In Europe the main indices also rose strongly, whilst the economic calendar news was (similar to the USA) mixed. Both France and Germany’s manufacturing PMIs missed forecasts, as did the Eurozone manufacturing PMI, coming in at 55.4, a small slip from the previous month. The UK’s manufacturing PMI fell to 54.6, from 55.7 in January. Germany’s inflation rose to 2.2% annually.
The DJIA reached a fresh intraday high of 21,171 during the New York session, to close at 21,115, up 1.46% on the day. The SPX also reached a new intraday high of 2,401, to close at 2,395, up 1.37% on the day, both indices closing at record highs. At 5,904 the NASDAQ also closed at a record high. In Europe the STOXX 50 closed up 2.13%, the DAX closed up 1.97%, CAC up 2.10% with the UK’s FTSE closing up 1.64%.
Sterling slumped versus its major peers during Wednesday’s trading sessions, falling to a six week low versus the dollar. GBP/USD ending the day at approx. 1.2286, with many analysts being quoted on Bloomberg and Reuters citing that a return back to the recent thirty one year lows of circa 1.20, could be a realistic short term target. EUR/GBP rose to 85.081, whilst GBP/CHF ended the day sharply down, ending the day close to 1.2401.
The dollar index, the basket of six major peers versus the U.S. dollar, rose by circa 0.6% on the day to reach its highest level since mid January, USD/JPY rose by circa 1.05% to reach 114.04. EUR/USD fell to 1.0535 towards the end of Wednesday’s trading sessions. Dollar strength has returned across the board, with bets now rising to as high as 80% that the Fed will hike rates in March.
Economic calendar events for March 2nd, all times quoted are London (GMT) time
06:45, currency effected CHF. Gross Domestic Product (YoY) (4Q). The Swissie has made significant gains versus many of its peers recently. The prediction is for GDP to have remained static at 1.3%.
09:30, currency effected GBP. Markit/CIPS UK Construction PMI (FEB). The prediction is for the UK’s construction reading to have slipped marginally to 52, from 52.2 previously. Any significant miss could suggest that Brexit fears are beginning to hamper construction efforts.

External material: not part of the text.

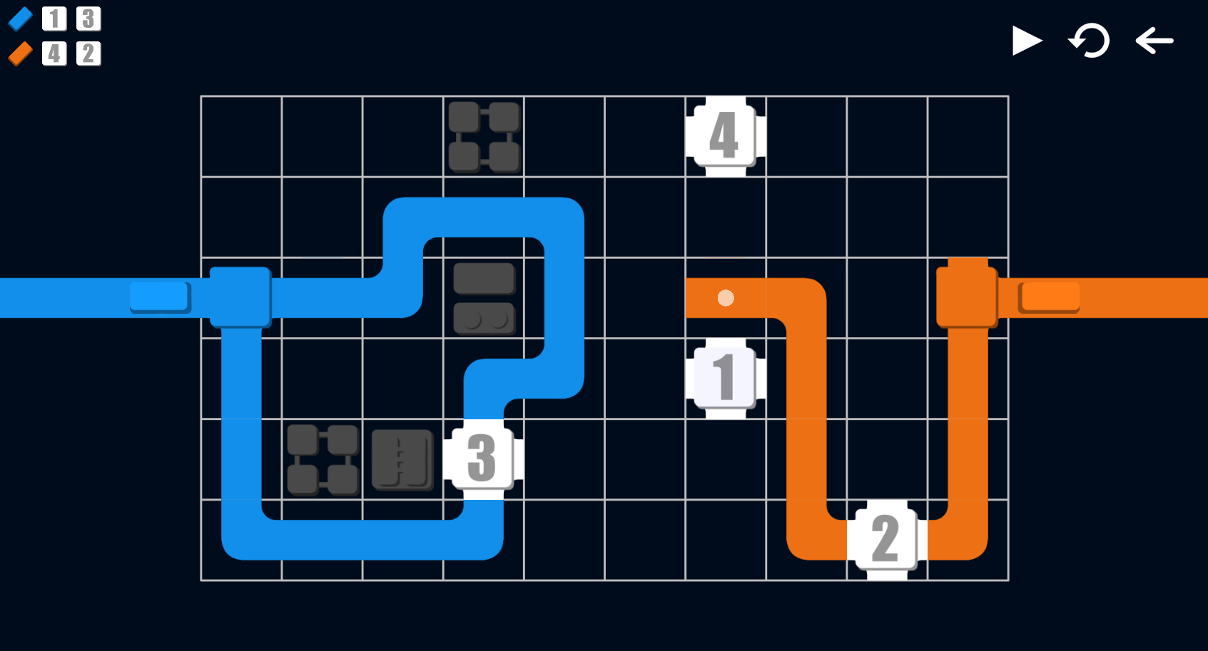 Your trams need to visit all the stations (described in the left corner) and return to the main station.

10:00, currency effected EUR. Euro-Zone Unemployment Rate (JAN). The current rate is expected to remain static at 9.6%.
10:00, currency effected EUR. Euro-Zone Consumer Price Index Estimate (YoY) (FEB). Inflation is anticipated to come in at 1.9%, up from 1.8% previously. Any significant breach above this level may impact on the value of the euro, versus its major peers.
13:30, currency effected CAD. Gross Domestic Product (YoY) (DEC). GDP is predicted to come in at 1.7%, up from 1.6% previously.
13:30, currency effected USD. Initial Jobless Claims (FEB 25). The weekly job claims came in higher than forecast last week, at 245k this week it’s a prediction in line with the median claims over recent months.